Required work
Exact reproduction of all the data is required, with pictures excluded.

Stored data
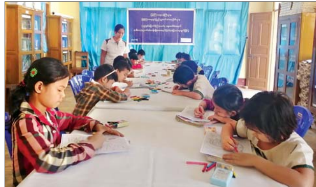
ကရင်ပြည်နယ် ဘားအံခရိုင် ရှမ်းရွာသစ်မြို့တွင် (၇၃) နှစ်မြောက် ပြည်ထောင်စုနေ့အကြိုအထိမ်းအမှတ်အဖြစ် ဖေဖော်ဝါရီ ၄ ရက်က ပြိုင်ပွဲများကျင်းပရာ ရှမ်းရွာသစ်မြို့ အခြေခံပညာမူလတန်းကျောင်းမှ ကျောင်းသားကျောင်းသူများ ဆေးရောင်ခြယ်ပြိုင်ပွဲ ယှဉ်ပြိုင်နေကြစဉ်။ စင်လေး(ပြန်/ဆက်)
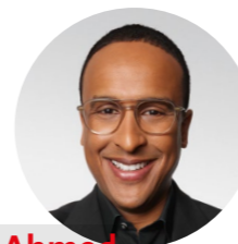
Dr. Nasser Ahmed SPD-PARTEIVORSITZENDER UND STADTRAT

Was folgt nach den beeindruckenden Massenprotesten gegen den Rechtsruck und für Demokratie? Darum soll es in diesem Forum gehen. Weltweit gerät die Demokratie derzeit unter Druck, autoritäre Herrscher bekommen Zulauf, rechtsextremistische Parteien wie die AfD sind in den Parlamenten und vermeintlich „einfache Lösungen“ werden gesucht.

Result
ကရင်ပြည်နယ် ဘားအံခရိုင် ရှမ်းရွာသစ်မြို့တွင် (၇၃) နှစ်မြောက် ပြည်ထောင်စုနေ့အကြိုအထိမ်းအမှတ်အဖြစ် ဖေဖော်ဝါရီ ၄ ရက်က ပြိုင်ပွဲများကျင်းပရာ ရှမ်းရွာသစ်မြို့ အခြေခံပညာမူလတန်းကျောင်းမှ ကျောင်းသားကျောင်းသူများ ဆေးရောင်ခြယ်ပြိုင်ပွဲ ယှဉ်ပြိုင်နေကြစဉ်။ စင်လေး(ပြန်/ဆက်)
Dr. Nasser Ahmed SPD-PARTEIVORSITZENDER UND STADTRAT

Was folgt nach den beeindruckenden Massenprotesten gegen den Rechtsruck und für Demokratie? Darum soll es in diesem Forum gehen. Weltweit gerät die Demokratie derzeit unter Druck, autoritäre Herrscher bekommen Zulauf, rechtsextremistische Parteien wie die AfD sind in den Parlamenten und vermeintlich „einfache Lösungen“ werden gesucht.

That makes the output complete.